◆ **TASK TO COMPLETE**:
Note on the material below: return exactly the lines from the line that holds "studio apartment. |" through the line that holds "В DAW (сейчас", and leave out each picture.

◆ **SOURCE MATERIAL**:

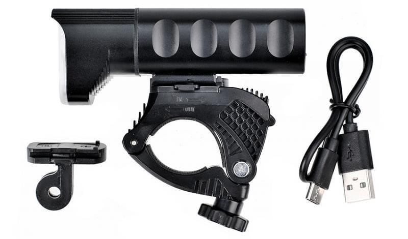Przednia lampka KASTOR-X została wyposażona w 4 super jasne diody CREE XP-G3 o maksymalnej mocy świecenia aż 1800 lm. Nie wymaga użycia baterii - zintegrowany akumulator jest ładowany przy pomocy dołączonego do zestawu kabla USB.Posiada funkcję POWER BANK - gniazdo USB-C służy również do ładowania urządzeń zewnętrznych np. telefonu (5V, 0,5A). Zestaw zawiera uchwyt szybkiego montażu na kierownicę. Lampka ma wodoszczelną konstrukcję (IP65).
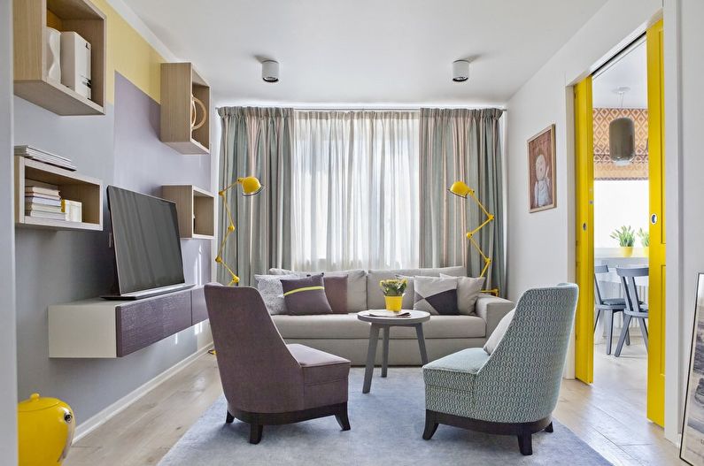 | Functionality | Combined with a study; With a nursery; With a kitchen; Living room in a studio apartment. |
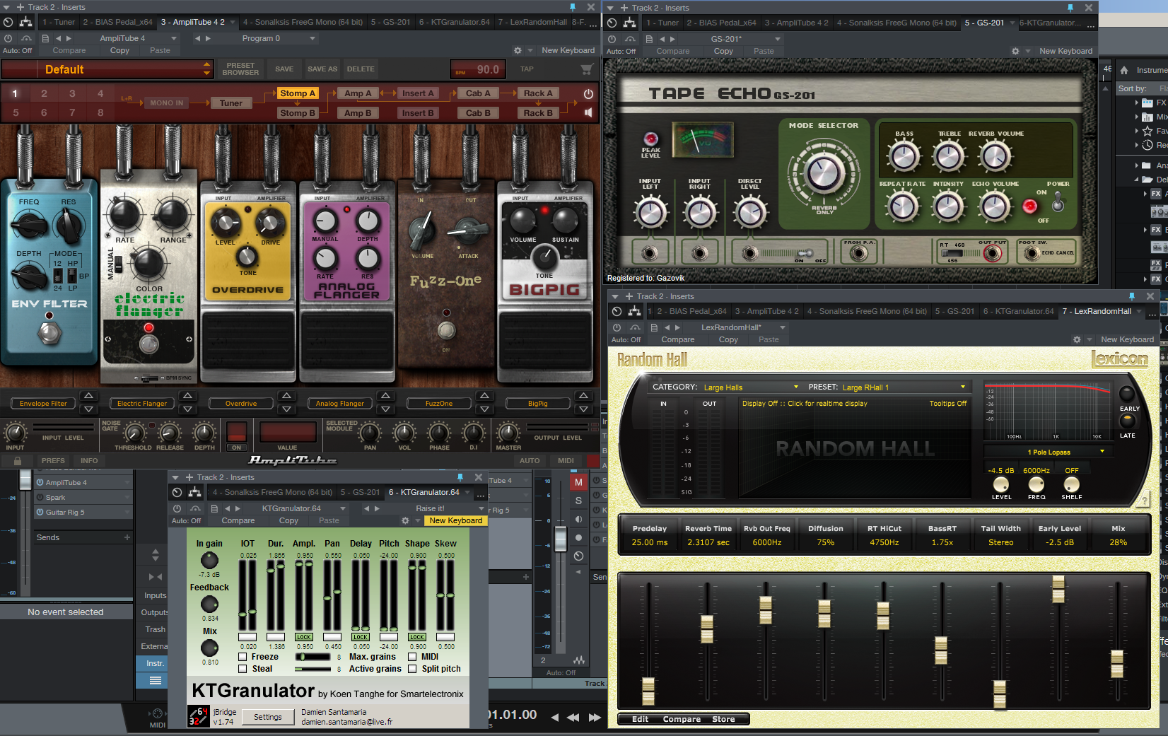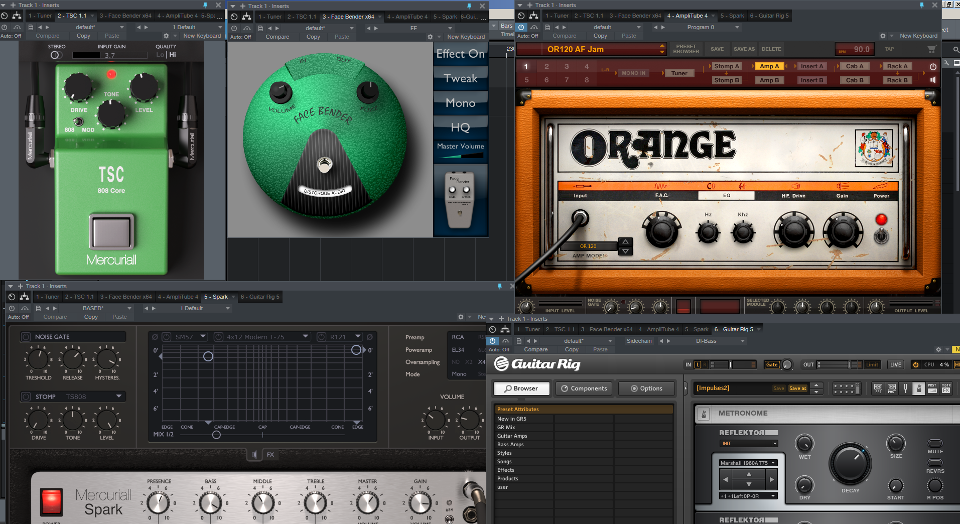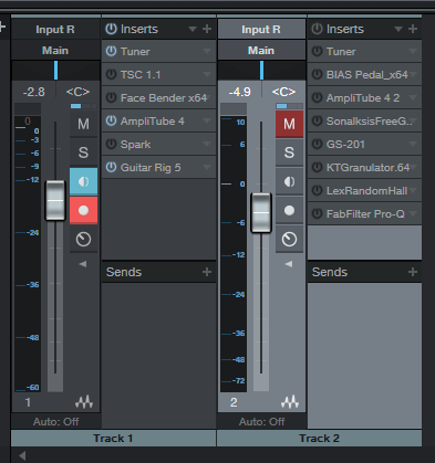 В DAW (сейчас пользуюсь Studio One, но планирую переход на Аблетон) выстраиваю цепочки эффектов из плагинов - от педалей до кабинетов и разнообразной обработки. Делаю все не в одном плагине, а в разных. На скринах - примеры моего сетапа.
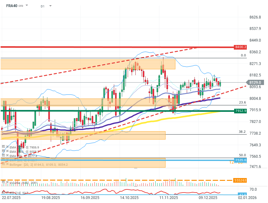 Volatility and trading on European exchanges are noticeably reduced due to the closure of many of them during the Christmas holidays. Trading will not take place on exchanges in Germany, Italy, Switzerland, Poland, the Czech Republic, Scandinavia, and the Baltic countries. Trading hours are shortened to 12:30 in the UK, 14:00 in Spain, and 14:05 in France. Among contracts, FRA40 is recording gains, rising by 0.3% today.

◆ **YOUR RESPONSE**:
 | Functionality | Combined with a study; With a nursery; With a kitchen; Living room in a studio apartment. |
 В DAW (сейчас пользуюсь Studio One, но планирую переход на Аблетон) выстраиваю цепочки эффектов из плагинов - от педалей до кабинетов и разнообразной обработки. Делаю все не в одном плагине, а в разных. На скринах - примеры моего сетапа.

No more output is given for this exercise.